# AIM OF THE EXERCISE
Ignoring every picture, return the lines of the listing below word for word, from the line that holds "한컴위드는 21년 1월부터" through the line that holds "從我公司的在東莞某塑膠廠一些".

# RECORDED DATA
- - - -

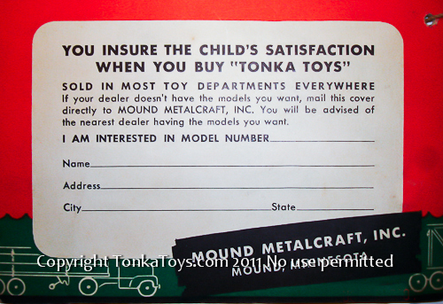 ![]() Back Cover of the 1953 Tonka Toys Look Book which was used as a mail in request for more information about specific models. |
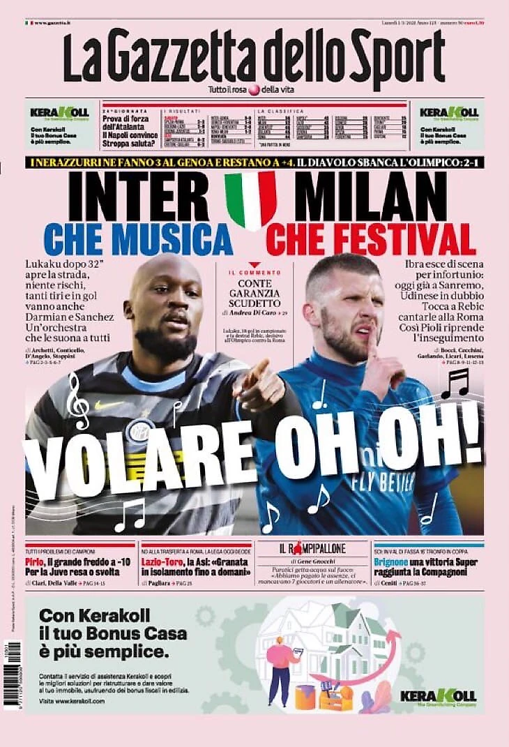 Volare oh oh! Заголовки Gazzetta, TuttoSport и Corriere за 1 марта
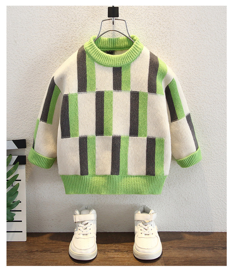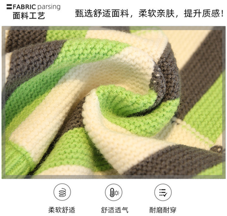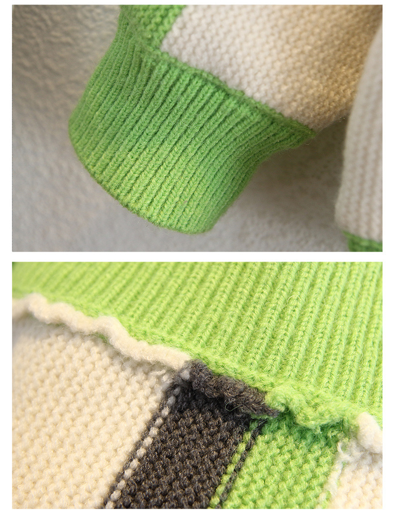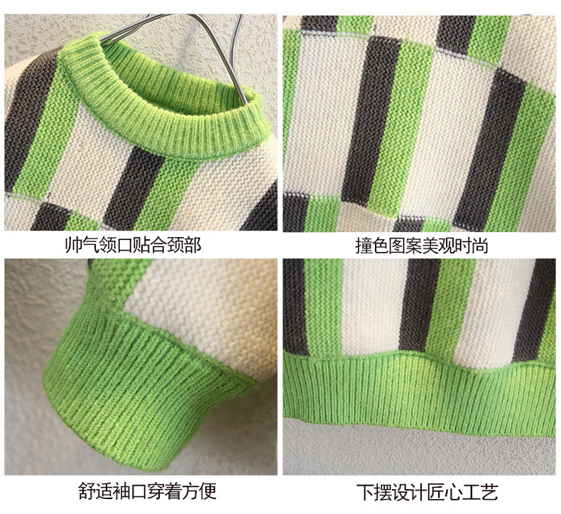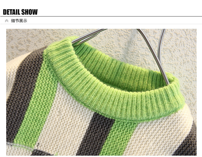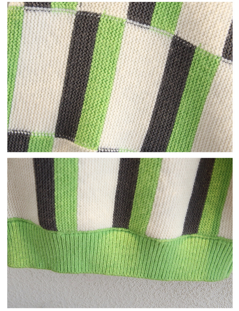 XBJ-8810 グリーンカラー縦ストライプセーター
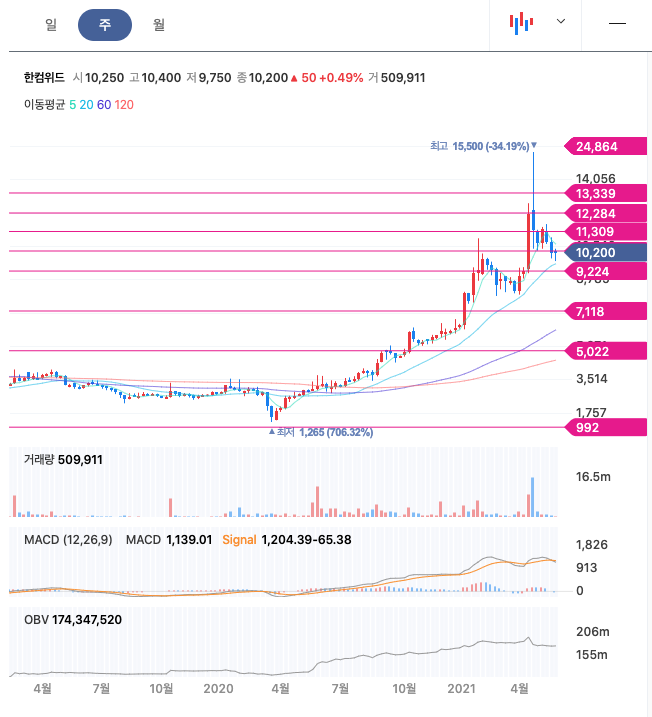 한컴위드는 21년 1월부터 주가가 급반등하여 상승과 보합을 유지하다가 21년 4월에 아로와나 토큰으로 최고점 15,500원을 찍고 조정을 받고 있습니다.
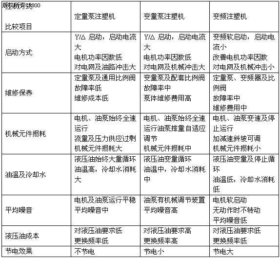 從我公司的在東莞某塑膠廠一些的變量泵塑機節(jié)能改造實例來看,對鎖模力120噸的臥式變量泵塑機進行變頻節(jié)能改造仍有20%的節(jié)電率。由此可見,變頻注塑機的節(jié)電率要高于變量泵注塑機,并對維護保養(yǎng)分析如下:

- - - -

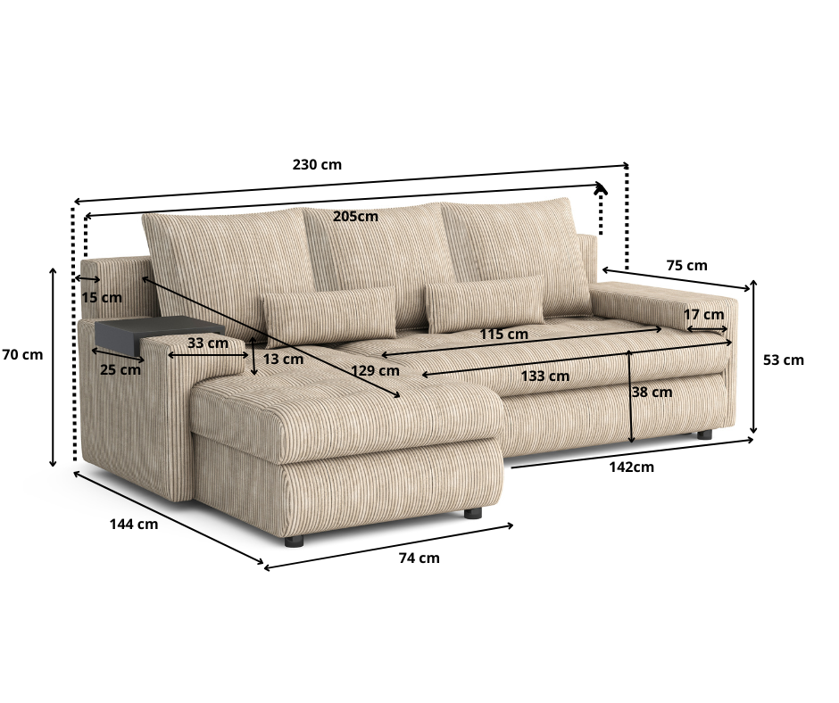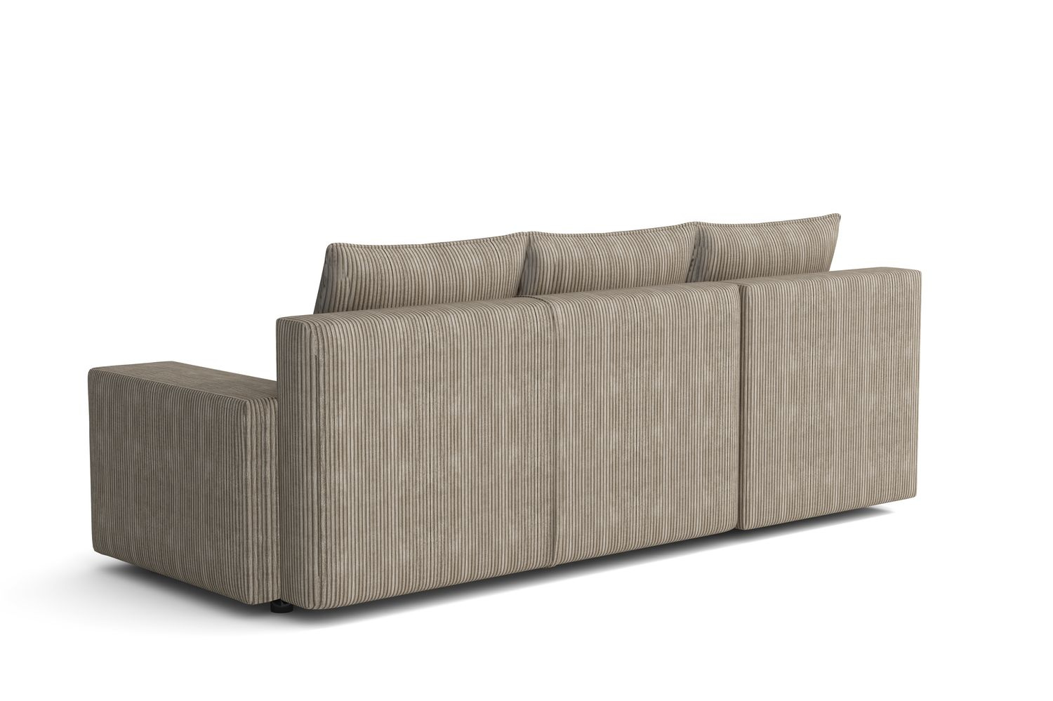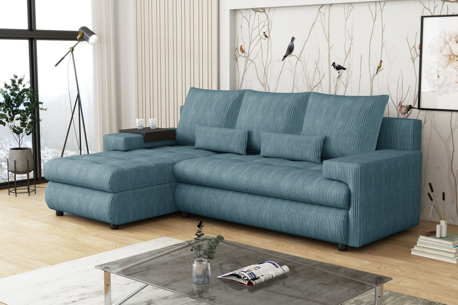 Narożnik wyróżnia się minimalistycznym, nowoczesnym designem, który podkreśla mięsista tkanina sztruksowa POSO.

- - - -

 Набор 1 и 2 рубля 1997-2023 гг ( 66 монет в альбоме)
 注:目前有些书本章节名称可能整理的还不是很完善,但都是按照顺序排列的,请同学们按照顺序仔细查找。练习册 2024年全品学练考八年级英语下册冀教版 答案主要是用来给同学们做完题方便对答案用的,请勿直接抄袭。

- - - -

# WRITTEN SOLUTION
 한컴위드는 21년 1월부터 주가가 급반등하여 상승과 보합을 유지하다가 21년 4월에 아로와나 토큰으로 최고점 15,500원을 찍고 조정을 받고 있습니다.
 從我公司的在東莞某塑膠廠一些的變量泵塑機節(jié)能改造實例來看,對鎖模力120噸的臥式變量泵塑機進行變頻節(jié)能改造仍有20%的節(jié)電率。由此可見,變頻注塑機的節(jié)電率要高于變量泵注塑機,并對維護保養(yǎng)分析如下:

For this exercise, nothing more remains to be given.